Esta mañana, mientras algunas personas muy queridas encaran el final de sus vidas y pensando en el mío, horrorizado por la idea de morir mirando el techo de un hospital o una luz fluorescente, ha vuelto con fuerza la imagen del árbol sagrado junto al recuerdo que en algún cuaderno escribí sobre él.

La muerte, la propia, es una idea –aceptada como hecho biológico pero no como sentimiento– mientras se es joven. Queda muy lejos, salvo que haya imprevistos y estos no cuentan. Comienza a enseñarte los dientes cuando los amigos van muriendo y se hace presente en los pensamientos de cada día con la muerte de los tuyos. Ya no queda nadie que haga de trinchera entre ella y tú. Eres el siguiente.

Creías en una muerte rodeado del amor de sus seres queridos pero sabes que es retórica, que la muerte es tuya, que sólo viene a por ti y los demás se quedan. Con el dolor pero se quedan hasta la siguiente tirada de dados.

Recuerdas al pescador que encontraste por el Alto Júcar, retorciéndose de dolor, blanco como un papel.
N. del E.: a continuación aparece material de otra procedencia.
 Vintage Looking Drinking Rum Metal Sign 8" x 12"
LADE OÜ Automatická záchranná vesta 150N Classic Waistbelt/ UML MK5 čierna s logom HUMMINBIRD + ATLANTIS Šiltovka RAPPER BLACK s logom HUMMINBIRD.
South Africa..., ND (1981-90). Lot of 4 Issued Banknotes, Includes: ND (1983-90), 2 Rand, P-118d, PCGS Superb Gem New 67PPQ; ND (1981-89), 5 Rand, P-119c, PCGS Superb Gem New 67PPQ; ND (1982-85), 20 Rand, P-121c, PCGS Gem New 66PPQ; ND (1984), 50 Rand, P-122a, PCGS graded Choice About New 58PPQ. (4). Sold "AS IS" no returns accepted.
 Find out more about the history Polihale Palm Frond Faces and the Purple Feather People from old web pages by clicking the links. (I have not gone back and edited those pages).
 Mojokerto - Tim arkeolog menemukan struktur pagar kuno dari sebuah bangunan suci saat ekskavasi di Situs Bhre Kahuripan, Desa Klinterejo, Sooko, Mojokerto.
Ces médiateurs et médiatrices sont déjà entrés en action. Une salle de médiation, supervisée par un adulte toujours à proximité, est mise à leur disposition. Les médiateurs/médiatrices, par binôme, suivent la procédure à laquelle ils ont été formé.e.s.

Te contó que tenía cáncer y estaba al final pero no quería morir en una cama de hospital y salía de pesca, aunque ya no pudiera lanzar el señuelo. Te dejó impresionado del modo que puede hacerlo algo así cuando tienes poco más de 30 años: compasión pero, sobre todo, literatura.

Y la mujer, también con su cáncer a cuestas, que anhelaba llegar a las Islas Horcadas, –en el Mar del Norte más allá de las Tierras Altas–, para morir junto a los megalitos de Stennes, aunque esto sucedía en una película.
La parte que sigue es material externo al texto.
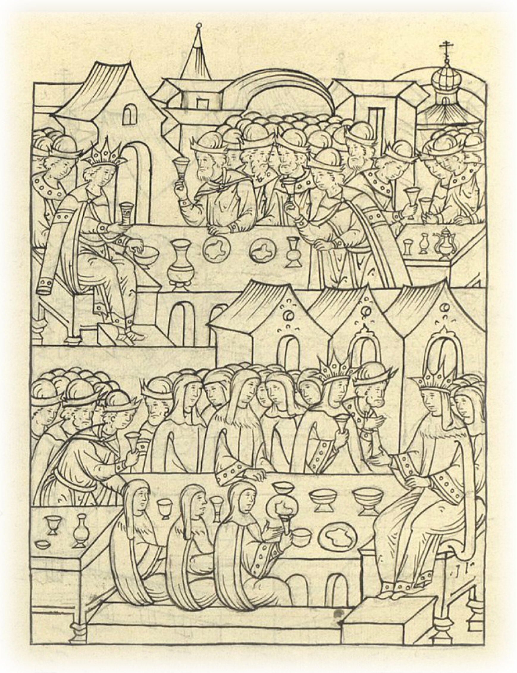 И ела в тот день Фатьма-Салтан царица у великой государыни в палате у Лазаря святого, а князь великий ел с боярами в избе у матери. А за столом у великой княгини сидела царица с правой руки в углу, а с левой стороны у великой княгини сидела на лавке князя Федора Михайловича Мстиславского княгиня Настасья, а под нею сидела Елена, жена Ивана Андреевича, да Агрипена, жена Василия Андреевича, и иные боярыни, а на скамье сидела князя Дмитрия Федоровича Бельского княгиня Марфа, да под нею Агрипина, жена Ивана Волынского, и иные боярыни, а другие боярыни на скамье сидели. А в кравчих был у великой государыни Иван Иванович Челяднин, а у царицы был кравчий князь Василий Репнин, а стольники и чашники все у великой княгини за столом были.
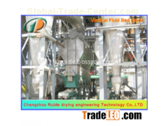 Fluidizing drier is also called as fluidized-bed. It consists of air filter , heater ,fluidized-bed main machine, feeder , cyclone separator , cloth bag duster ,high-pressure centrifuge fan and operation table. Because the properties of raw materials exist difference, when equip the dust removing equipment, it should consider the practical need. It can select cyclone separator and cloth bag duster at the same time or one of them. In general speaking, it needs to select cyclone

Hacemos de la muerte un problema, yo mismo lo estoy haciendo ahora, pero se trata de un artificio: la sombra venenosa de un tejo azotado por viento y agua, la orilla del río con agua fresca de color entre esmeralda y turquesa, el silencio de tu biblioteca, el mar bravío o el brutal estampido del cazador. Es sólo cuestión de arrojo, de que las brumas de la desmemoria no se apoderen antes de ti para impedirlo.

Un paisaje bonito, un poco de música tranquila para acompañar el silencio poblado por ecos del campo y un dormir para no despertar.

*

–Seguramente odias a esa persona –No, sería capaz de darle un abrazo como si nunca hubiera ocurrido nada. No siempre son ciertos el valor en el soldado, la sagacidad en el cazador y el odio en la víctima. Mientras te defiendes no puede haber odio porque éste surge naturalmente de la indefensión, aliada con la envidia y yo no envidio nada de lo que tal persona tiene.

*

M. sigue perdida en la bruma del no saber aunque reconoce mi voz por teléfono y dice que me quiere. Creo que habla al niño que fui, tal vez al adolescente que la llevaba al cine sabiendo que a P. no le gustaba pasar la tarde a oscuras. Me reconoce todavía y eso ahonda la pena. Con ocho años, en mi habitación, lloraba silenciosamente con la idea de perderla, de que un día moriría y no podría abrazarla más ni sentir su olor. Y ahora anda perdida en alguna parte de la que no puedo traerla ¿Dónde estará? ¿Qué pensamientos la ocupan? Miro su foto de madre joven y bella –lo ha sido mucho– que he puesto en la mesilla de noche. Sus ojos vivos, de mirar dulce y penetrante al tiempo, capaz de calar a las personas hasta el hueso. Su jovialidad y entrega a todos nosotros sin una queja. Hace tiempo que cerró la puerta, dejando una rendija para sus hijos. Nada más parece importarle y mi corazón se va rompiendo mientras llega el día, temido, en el que no sabrá quién soy. Suspiros muertos sobre los estanques.

*

Miguelito ha llegado un poco después de la comida, calado hasta los huesos. Llueve con la rabia acostumbrada y un airón que llega de tierra portuguesa revuelve las gotas. Pedía algo de abrigo pero no quiere pasar a probarse. Se ha ido con un tabardo encerado, con forro por dentro, tan feliz como el niño que es. Dice que se va a Madroñera y la sierra, con el temporal. El barbour creo que era mío. Miguel tiene cuerpo de pobre, le vale todo y todo le cae bien.